## Source records
+++
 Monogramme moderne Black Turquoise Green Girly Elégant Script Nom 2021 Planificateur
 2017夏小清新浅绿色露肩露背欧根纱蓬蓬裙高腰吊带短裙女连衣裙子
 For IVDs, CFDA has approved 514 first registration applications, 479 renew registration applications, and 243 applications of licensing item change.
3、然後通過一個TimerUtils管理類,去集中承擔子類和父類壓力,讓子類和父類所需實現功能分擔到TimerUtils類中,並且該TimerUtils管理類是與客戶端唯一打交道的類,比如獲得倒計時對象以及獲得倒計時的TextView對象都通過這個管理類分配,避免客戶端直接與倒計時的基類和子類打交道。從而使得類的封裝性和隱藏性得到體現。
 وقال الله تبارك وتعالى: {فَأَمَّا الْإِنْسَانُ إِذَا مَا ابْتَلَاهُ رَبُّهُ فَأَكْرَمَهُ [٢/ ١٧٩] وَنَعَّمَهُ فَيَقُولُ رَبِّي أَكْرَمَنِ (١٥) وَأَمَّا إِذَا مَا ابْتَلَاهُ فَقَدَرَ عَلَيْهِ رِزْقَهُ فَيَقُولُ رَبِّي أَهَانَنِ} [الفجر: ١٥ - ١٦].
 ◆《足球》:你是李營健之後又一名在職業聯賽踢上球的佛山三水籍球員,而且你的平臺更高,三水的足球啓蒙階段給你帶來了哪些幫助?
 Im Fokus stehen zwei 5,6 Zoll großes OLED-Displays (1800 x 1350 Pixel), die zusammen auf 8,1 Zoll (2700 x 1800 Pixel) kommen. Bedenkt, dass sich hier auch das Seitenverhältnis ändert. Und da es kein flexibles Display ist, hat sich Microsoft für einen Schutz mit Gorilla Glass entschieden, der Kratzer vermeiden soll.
+++
## Your assignment
Begin at the line above that has "2017夏小清新浅绿色露肩露背欧根纱蓬蓬裙高腰吊带短裙女连衣裙子" and stop after the line that has "وقال الله تبارك", copying each line exactly and adding nothing else.

## Solution to this problem
 2017夏小清新浅绿色露肩露背欧根纱蓬蓬裙高腰吊带短裙女连衣裙子
 For IVDs, CFDA has approved 514 first registration applications, 479 renew registration applications, and 243 applications of licensing item change.
3、然後通過一個TimerUtils管理類,去集中承擔子類和父類壓力,讓子類和父類所需實現功能分擔到TimerUtils類中,並且該TimerUtils管理類是與客戶端唯一打交道的類,比如獲得倒計時對象以及獲得倒計時的TextView對象都通過這個管理類分配,避免客戶端直接與倒計時的基類和子類打交道。從而使得類的封裝性和隱藏性得到體現。
 وقال الله تبارك وتعالى: {فَأَمَّا الْإِنْسَانُ إِذَا مَا ابْتَلَاهُ رَبُّهُ فَأَكْرَمَهُ [٢/ ١٧٩] وَنَعَّمَهُ فَيَقُولُ رَبِّي أَكْرَمَنِ (١٥) وَأَمَّا إِذَا مَا ابْتَلَاهُ فَقَدَرَ عَلَيْهِ رِزْقَهُ فَيَقُولُ رَبِّي أَهَانَنِ} [الفجر: ١٥ - ١٦].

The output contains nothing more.